### PROBLEM TO WORK ON
When you reach the line that contains "Bird Block Studio", begin copying exactly, and continue through the last line of the data; no pictures belong in the copy.

### MATERIAL FOR THIS TASK

=-=-=

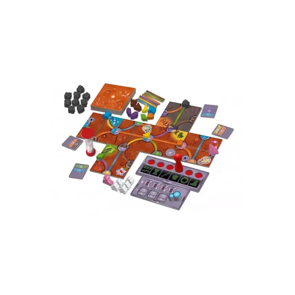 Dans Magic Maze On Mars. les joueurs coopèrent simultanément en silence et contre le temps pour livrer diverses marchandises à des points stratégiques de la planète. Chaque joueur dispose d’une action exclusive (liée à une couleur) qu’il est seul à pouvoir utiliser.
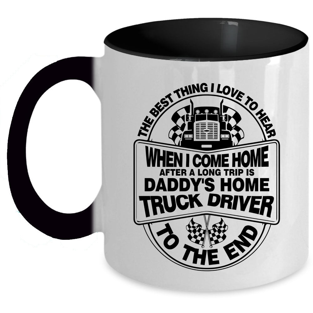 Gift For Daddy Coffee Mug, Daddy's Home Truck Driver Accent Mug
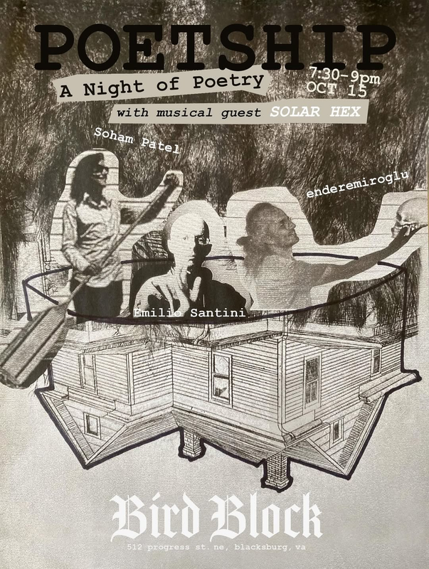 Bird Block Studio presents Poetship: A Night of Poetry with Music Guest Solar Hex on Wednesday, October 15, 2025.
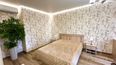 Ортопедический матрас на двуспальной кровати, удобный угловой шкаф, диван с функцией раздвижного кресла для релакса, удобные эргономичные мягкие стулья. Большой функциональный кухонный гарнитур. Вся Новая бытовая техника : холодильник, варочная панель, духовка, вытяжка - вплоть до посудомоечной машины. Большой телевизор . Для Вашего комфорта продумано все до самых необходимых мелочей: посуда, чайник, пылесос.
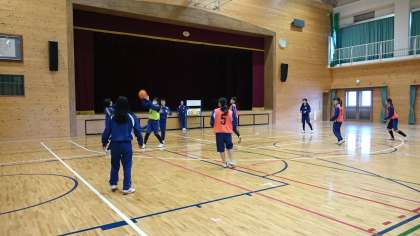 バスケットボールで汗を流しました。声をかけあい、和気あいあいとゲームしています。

=-=-=

### ANSWER FOR THE TASK
 Bird Block Studio presents Poetship: A Night of Poetry with Music Guest Solar Hex on Wednesday, October 15, 2025.
 Ортопедический матрас на двуспальной кровати, удобный угловой шкаф, диван с функцией раздвижного кресла для релакса, удобные эргономичные мягкие стулья. Большой функциональный кухонный гарнитур. Вся Новая бытовая техника : холодильник, варочная панель, духовка, вытяжка - вплоть до посудомоечной машины. Большой телевизор . Для Вашего комфорта продумано все до самых необходимых мелочей: посуда, чайник, пылесос.
 バスケットボールで汗を流しました。声をかけあい、和気あいあいとゲームしています。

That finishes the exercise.